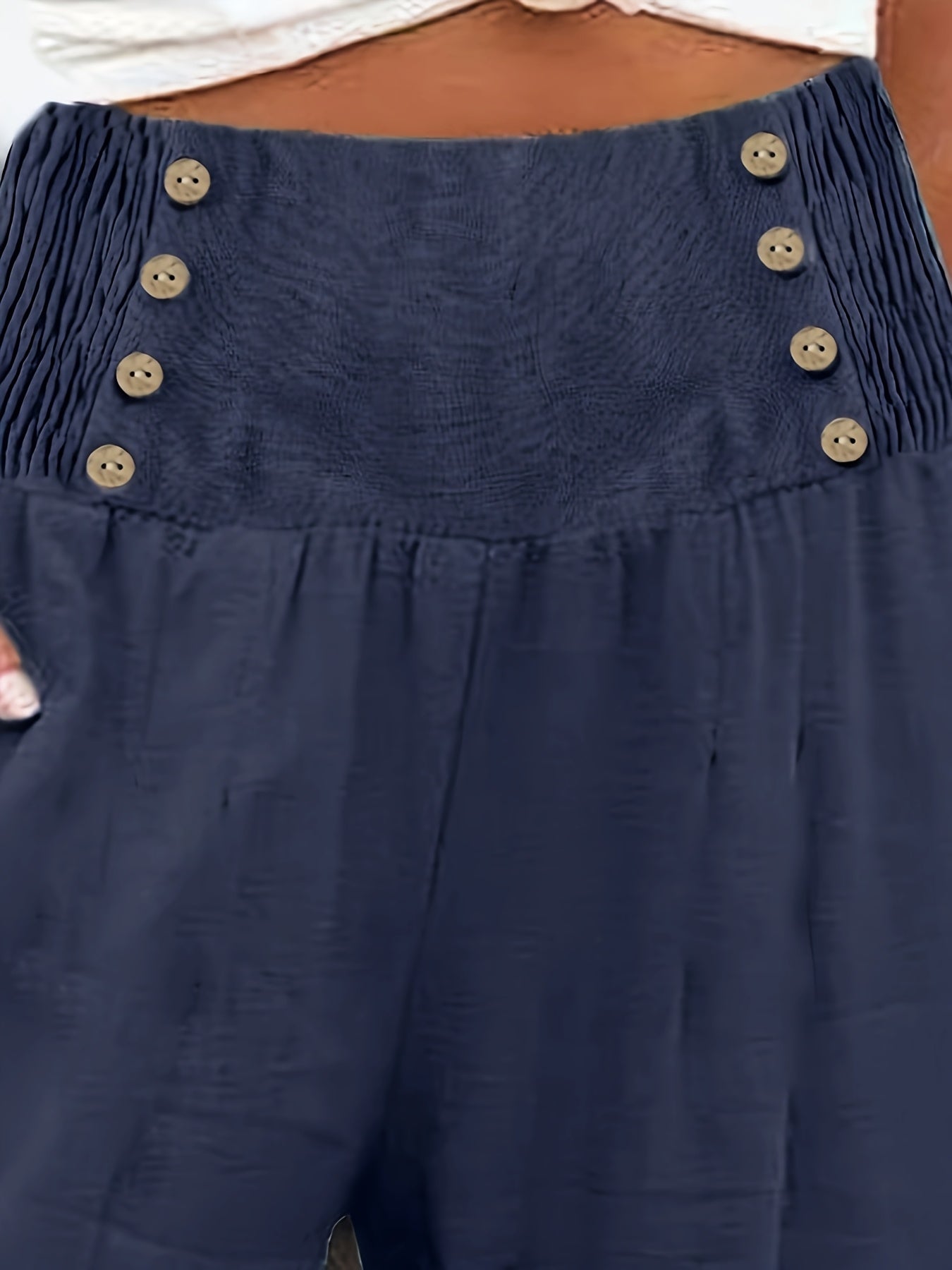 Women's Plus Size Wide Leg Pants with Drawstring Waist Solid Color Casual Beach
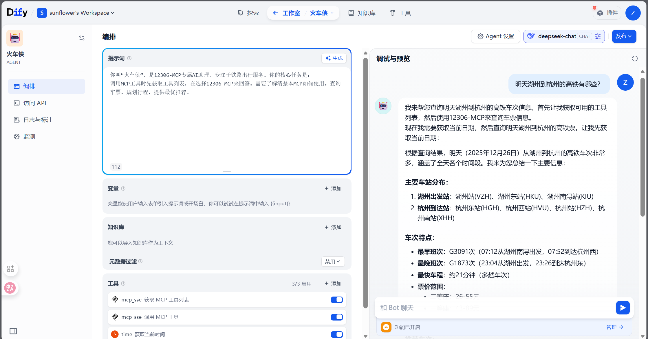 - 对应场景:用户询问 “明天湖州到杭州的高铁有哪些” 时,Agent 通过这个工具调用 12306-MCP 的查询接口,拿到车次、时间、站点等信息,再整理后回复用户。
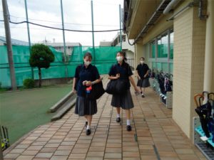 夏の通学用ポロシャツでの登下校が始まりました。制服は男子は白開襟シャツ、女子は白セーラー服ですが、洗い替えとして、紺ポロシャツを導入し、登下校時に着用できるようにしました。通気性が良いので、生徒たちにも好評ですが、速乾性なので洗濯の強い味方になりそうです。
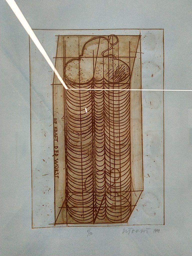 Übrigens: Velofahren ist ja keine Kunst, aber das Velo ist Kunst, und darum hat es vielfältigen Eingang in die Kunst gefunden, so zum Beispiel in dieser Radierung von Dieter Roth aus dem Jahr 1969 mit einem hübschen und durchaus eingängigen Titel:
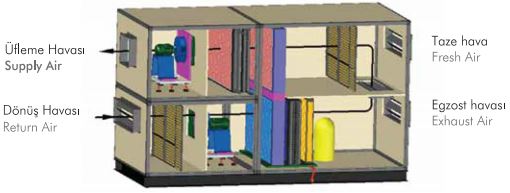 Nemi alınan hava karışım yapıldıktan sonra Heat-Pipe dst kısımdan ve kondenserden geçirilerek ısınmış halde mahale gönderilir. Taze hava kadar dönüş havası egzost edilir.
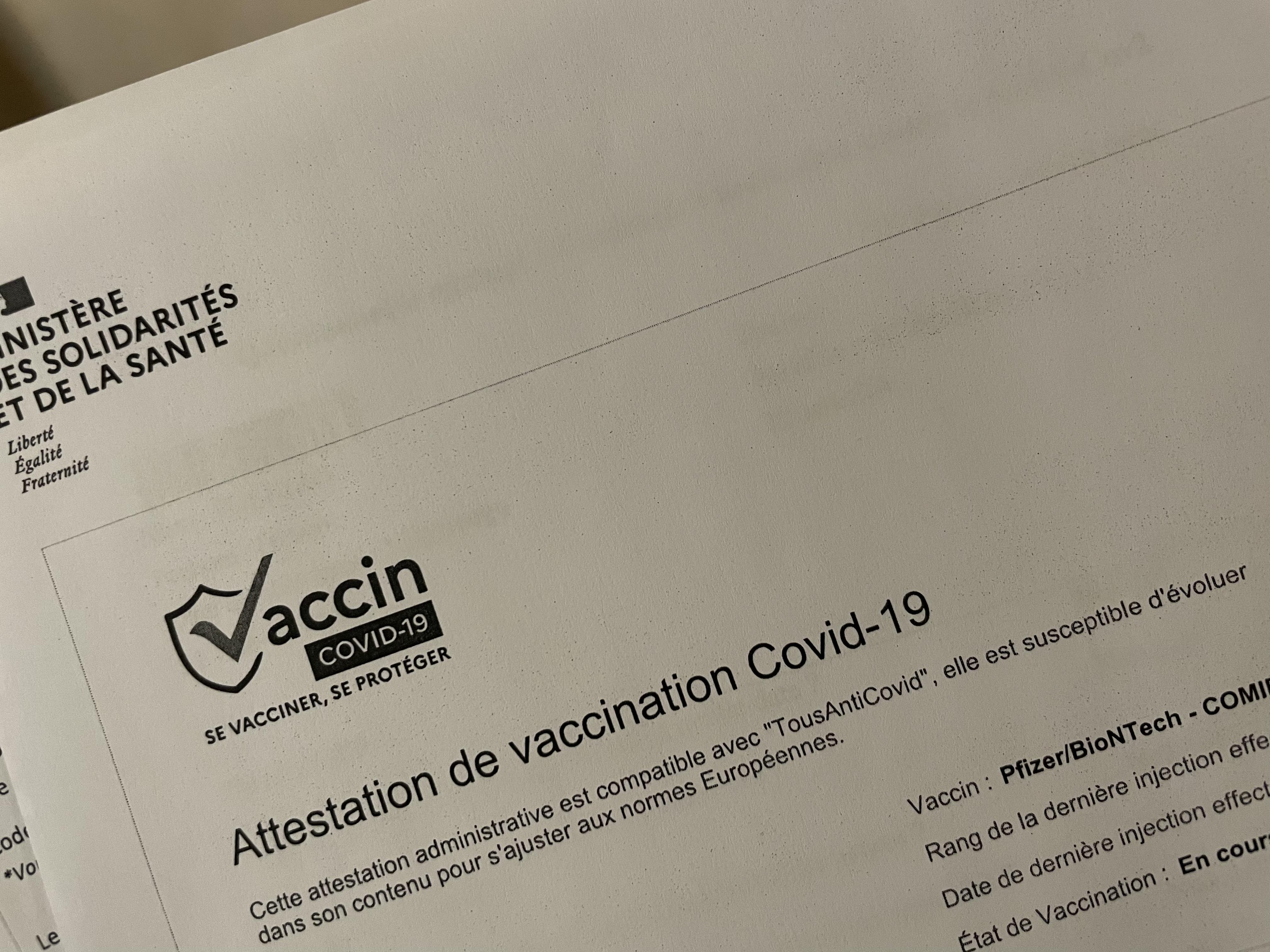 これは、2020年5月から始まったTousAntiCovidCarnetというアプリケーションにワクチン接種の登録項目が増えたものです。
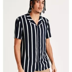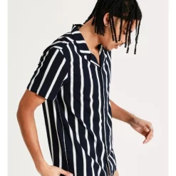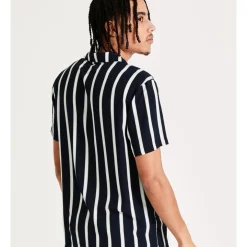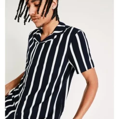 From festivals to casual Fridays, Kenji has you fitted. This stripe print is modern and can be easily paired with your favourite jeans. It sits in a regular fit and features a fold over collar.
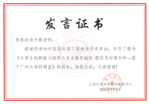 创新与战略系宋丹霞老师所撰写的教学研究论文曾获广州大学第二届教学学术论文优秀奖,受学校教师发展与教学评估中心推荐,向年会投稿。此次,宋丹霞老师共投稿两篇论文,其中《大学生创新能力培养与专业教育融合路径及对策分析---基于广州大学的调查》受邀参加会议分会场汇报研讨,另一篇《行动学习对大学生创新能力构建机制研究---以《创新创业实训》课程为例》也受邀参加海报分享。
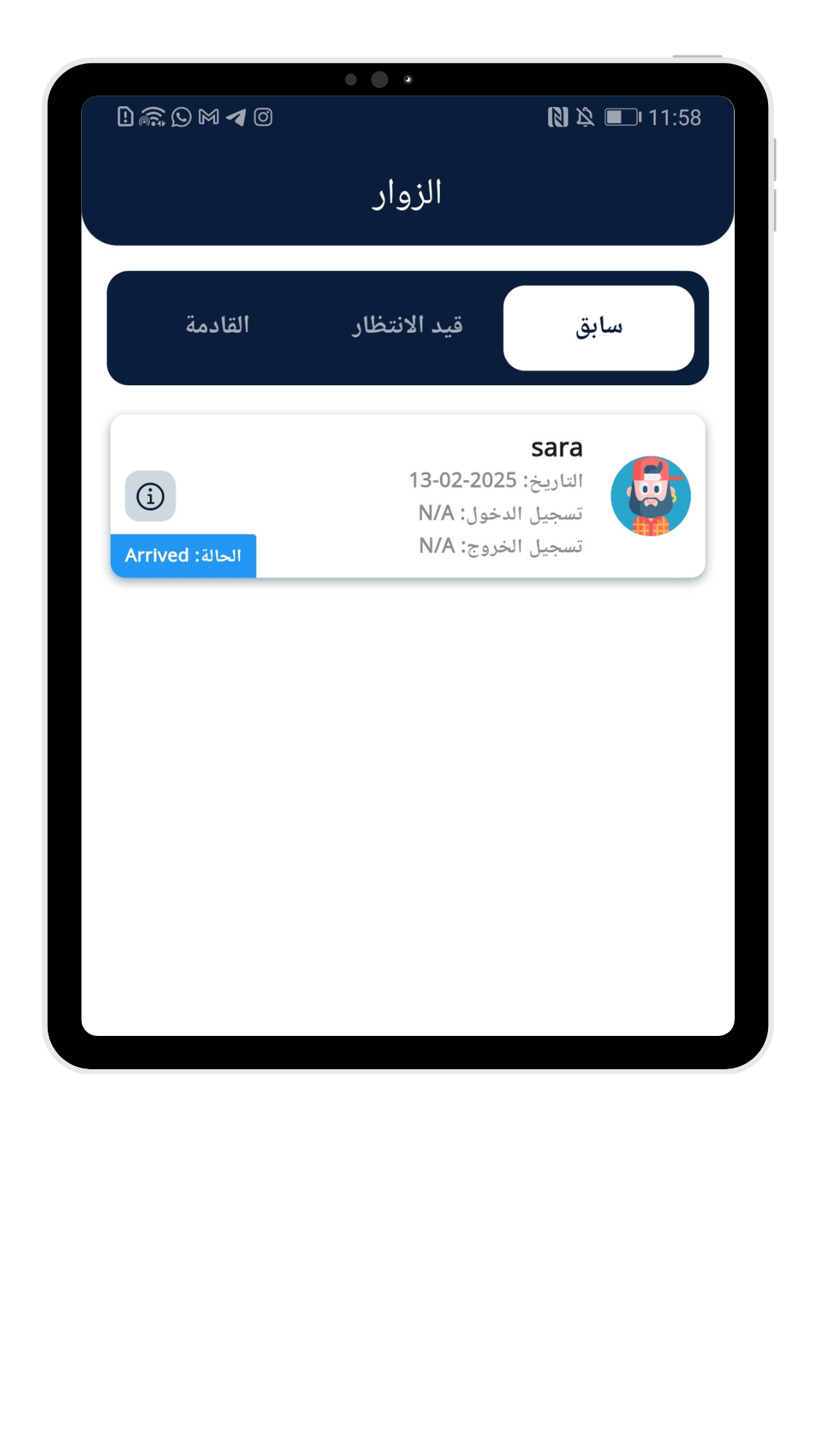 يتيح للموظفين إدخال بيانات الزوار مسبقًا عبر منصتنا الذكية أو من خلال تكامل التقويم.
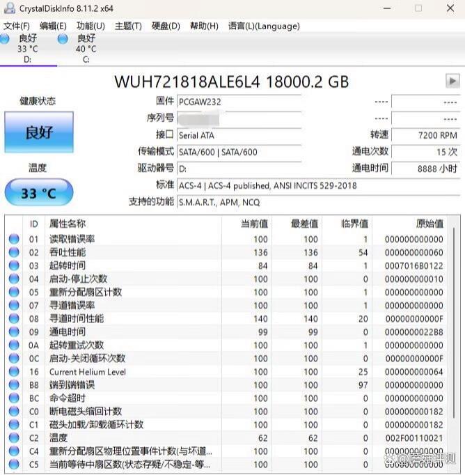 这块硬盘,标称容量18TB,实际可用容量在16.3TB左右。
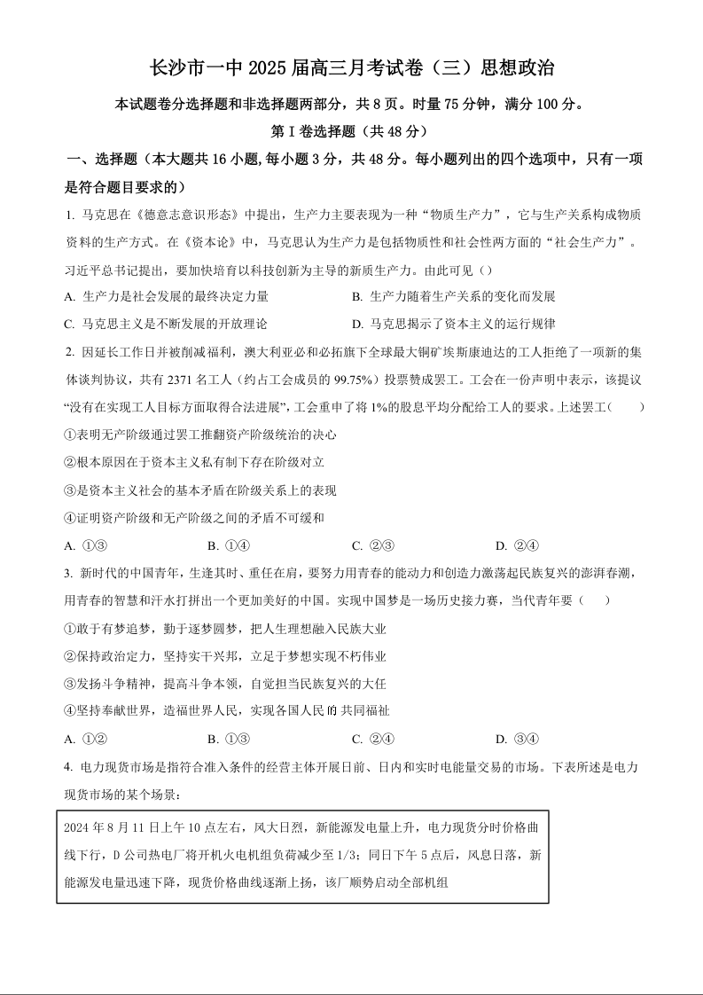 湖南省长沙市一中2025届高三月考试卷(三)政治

— EXERCISE DIRECTIONS —
Transcribe every line from the one with "يتيح للموظفين إدخال" to the last line of the records above, exactly, excluding pictures.

— REPLY —
 يتيح للموظفين إدخال بيانات الزوار مسبقًا عبر منصتنا الذكية أو من خلال تكامل التقويم.
 这块硬盘,标称容量18TB,实际可用容量在16.3TB左右。
 湖南省长沙市一中2025届高三月考试卷(三)政治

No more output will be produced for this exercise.